A mesh delivery system for sacral colpopexy and other procedures involving surgical mesh is disclosed. The system uses a mesh stabilizer (30) that is introduced in a compressed configuration through a surgical port into the abdomen, and a vaginal probe (10) (inserted through the vagina) with a magnetic or non-magnetic head that engages with the mesh stabilizer (30), anchoring it in position. The mesh stabilizer (30) employs a pseudoelastic shape memory alloy, and folds compact to deliver multiple mesh straps or a single Y-shaped surgical mesh in a streamlined configuration into the abdomen for facilitating the sacral colpopexy procedure. After delivery, the stabilizer (30) expands to a functional configuration where it interfaces with the probe (10) head and stabilizes and adjustably feeds the mesh strap(s) in preparation for fixation to the vaginal muscularis while maintaining stabilization of the mesh on the vaginal muscularis and while keeping excess mesh from obscuring the surgeons view. After fixation of the mesh to the vaginal muscularis, the stabilizer can be removed back through the surgical port.

Description

    CROSS-REFERENCE TO RELATED APPLICATIONS
  • The present application derives priority from U.S. Provisional Patent Application 61/638,256 filed 25 Apr. 2012, and is a continuation-in-part of U.S. application Ser. No. 12/973,189 filed 20 Dec. 2010.

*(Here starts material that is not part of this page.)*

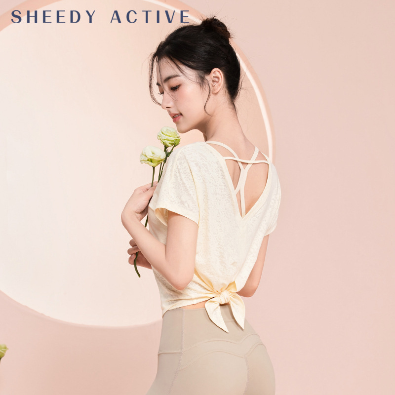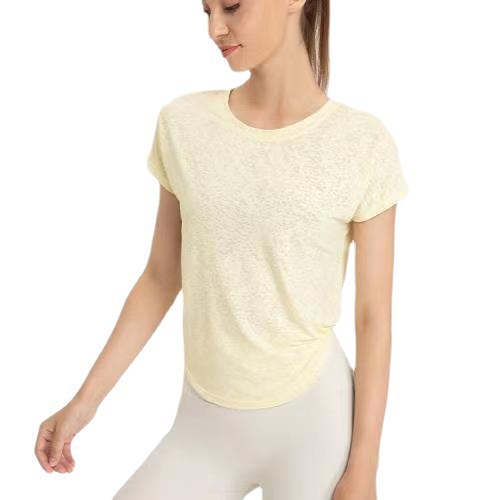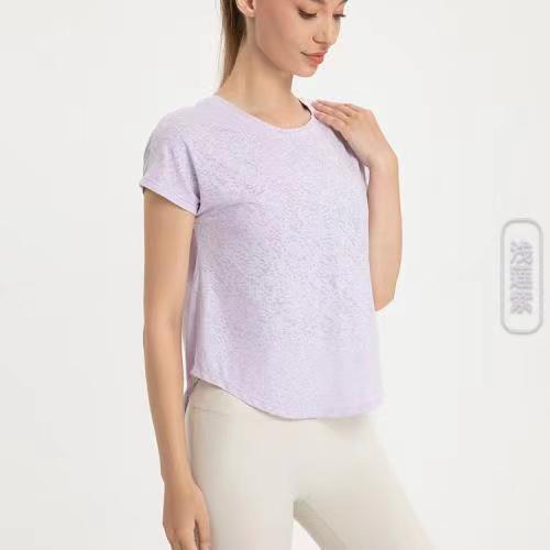 Lu Same Style Yoga Beautiful Back Top Casual Women's Fitness T-shirt Running Quick-drying Breathable Sports Short-sleeved Split Blouse

  • BACKGROUND OF THE INVENTION
  • 1. Field of the Invention
  • The present invention relates to medical methods and devices for performing sacral colpopexy.
  • 2. Background Art
  • The sacral colpopexy operation is designed to recreate support to the upper vagina by attaching straps of permanent synthetic mesh to the upper anterior and posterior vaginal walls and then suspending the other end of the straps on the anterior surface of the sacrum. This operation is one of many operations described for the correction of pelvic organ prolapse but is considered the gold standard for correction of prolapse of the upper vagina. See, for example, “Long-Term Success of Abdominal Sacral Colpopexy Using Synthetic Mesh”, Culligan et al. Am J Obstet Gynecol (December 2002). This operation can be done either for correction of vaginal vault prolapse in patients who have previously undergone hysterectomy or can be done at the time of hysterectomy in patients with uterine prolapse. In the latter case, many physicians prefer to perform supracervical hysterectomy because of data suggesting that mesh related complications are less likely in cases of supracervical compared with total hysterectomy.
  • The sacral colpopexy operation was first described as being done through a large incision in the abdominal wall (laparotomy) and is still predominantly done in that manner.

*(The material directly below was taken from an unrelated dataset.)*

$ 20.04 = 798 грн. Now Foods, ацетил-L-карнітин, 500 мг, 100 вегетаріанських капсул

  • FIG. 1 is a diagrammatic illustration of the surgery, which is usually performed under general anesthesia. An incision is made in the lower abdomen. The bladder and rectum are freed from the vagina and permanent mesh is secured to the sacrum (upper tailbone) to support the front and back wall of the vagina. The mesh is sutured to the vagina. The peritoneum (lining of the abdominal cavity) is closed over the mesh. There is growing interest in performing this operation via less invasive approaches, such as laparoscopy or robot-assisted laparoscopic surgery, but existing vaginal probes, surgical instruments and mesh configurations are not well-suited for this.
  • There are a variety of vaginal probes designed for use in treating disorders of the female pelvic floor such as pelvic organ prolapse, urinary incontinence, and sexual dysfunction.
  • For example, U.S. Pat. No. 6,741,895 to Gafni et al. (Medoc Ltd.) issued May 25, 2004 shows a vaginal probe and method for stimulation of the nerves of the vagina with the purpose of testing their reaction to stimuli in the hope of defining, and treating sexual dysfunction in women. A balloon structure is used to provide tactile stimuli. When the balloon is inflated, these projections poke into the vagina.
  • United States Patent Application 20060199994 by Inman et al. (AMS Research) issued Sep. 7, 2006 shows surgical instruments useful in pelvic floor repair procedures. The claims require a handle attached to a slender, metal, curved rod.
  • United States Patent Application 20030220538 to Jacquetin issued 27 Nov. 2003 discloses a particular mesh implant for treating anterior vaginal prolapse.
  • U.S. Pat. No. 6,932,759 to Kammerer et al. issued Aug. 23, 2005 shows a surgical instrument and method for treating female urinary incontinence with a curved needle-like element and a proximal tape, or mesh, for implanting into the lower abdomen of a female to provide support to the urethra. A second curved needle element is used for simultaneous attachment to the distal end of the first needle.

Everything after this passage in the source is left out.